Definitions

from The American Heritage® Dictionary of the English Language, 5th Edition.

  • intransitive verb To turn aside from a course or way.
  • intransitive verb To depart, as from a norm, purpose, or subject; differ or stray. synonym: swerve.
  • intransitive verb To cause to turn aside or differ.
  • noun A deviant.

from The Century Dictionary.

  • To turn aside or wander from the way or course; err; swerve: as, to deviate from the common track or path, or from a true course.
  • To take a different course; diverge; differ.
  • To cause to swerve; lead astray.
  • To change the direction or position of, as a ray of light or the plane of polarization. See biquartz.

from the GNU version of the Collaborative International Dictionary of English.

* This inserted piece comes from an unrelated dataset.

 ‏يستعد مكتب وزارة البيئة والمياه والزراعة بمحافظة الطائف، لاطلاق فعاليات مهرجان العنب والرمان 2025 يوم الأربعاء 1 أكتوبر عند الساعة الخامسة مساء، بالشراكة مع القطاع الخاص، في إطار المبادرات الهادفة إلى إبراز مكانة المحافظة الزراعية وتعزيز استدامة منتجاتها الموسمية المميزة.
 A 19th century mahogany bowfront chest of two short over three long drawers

  • transitive verb rare To cause to deviate.
  • adjective having behavior differing from that which is normal or expected, especially in an undesirable or socially disapproved manner.
  • intransitive verb To go out of the way; to turn aside from a course or a method; to stray or go astray; to err; to digress; to diverge; to vary.
  • noun a person having behavior differing from that which is normal or socially acceptable; -- used especially to characterize persons whose sexual behavior is considered morally unacceptable.

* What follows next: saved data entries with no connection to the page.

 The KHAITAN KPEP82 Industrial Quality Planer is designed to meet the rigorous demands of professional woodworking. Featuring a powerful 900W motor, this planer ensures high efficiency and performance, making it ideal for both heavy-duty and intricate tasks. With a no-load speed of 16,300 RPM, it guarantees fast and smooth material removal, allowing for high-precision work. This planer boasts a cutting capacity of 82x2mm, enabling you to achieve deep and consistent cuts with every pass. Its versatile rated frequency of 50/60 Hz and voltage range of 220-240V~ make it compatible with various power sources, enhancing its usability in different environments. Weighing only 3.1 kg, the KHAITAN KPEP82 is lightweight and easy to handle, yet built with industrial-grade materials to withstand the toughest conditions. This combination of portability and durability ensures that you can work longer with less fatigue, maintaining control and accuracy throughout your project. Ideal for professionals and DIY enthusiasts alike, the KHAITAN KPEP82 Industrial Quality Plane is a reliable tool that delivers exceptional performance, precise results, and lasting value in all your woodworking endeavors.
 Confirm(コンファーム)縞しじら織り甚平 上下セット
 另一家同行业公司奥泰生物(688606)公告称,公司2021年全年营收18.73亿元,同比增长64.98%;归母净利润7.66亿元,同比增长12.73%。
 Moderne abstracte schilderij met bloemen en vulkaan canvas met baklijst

from Wiktionary, Creative Commons Attribution/Share-Alike License.

  • noun sociology A person with deviant behaviour; a deviant, degenerate or pervert.
  • noun statistics A value equal to the difference between a measured variable factor and a fixed or algorithmic reference value.
  • verb intransitive To go off course from; to change course; to change plans.
  • verb intransitive To fall outside of, or part from, some norm; to stray.

from WordNet 3.0 Copyright 2006 by Princeton University. All rights reserved.

  • verb be at variance with; be out of line with
  • verb turn aside; turn away from
  • verb cause to turn away from a previous or expected course
  • noun a person whose behavior deviates from what is acceptable especially in sexual behavior
  • adjective markedly different from an accepted norm

Etymologies

from The American Heritage® Dictionary of the English Language, 4th Edition

[Late Latin dēviāre, dēviāt- : Latin dē-, de- + Latin via, road; see wegh- in Indo-European roots.]

from Wiktionary, Creative Commons Attribution/Share-Alike License

Late Latin deviatus, past participle of deviare, from the phrase de via.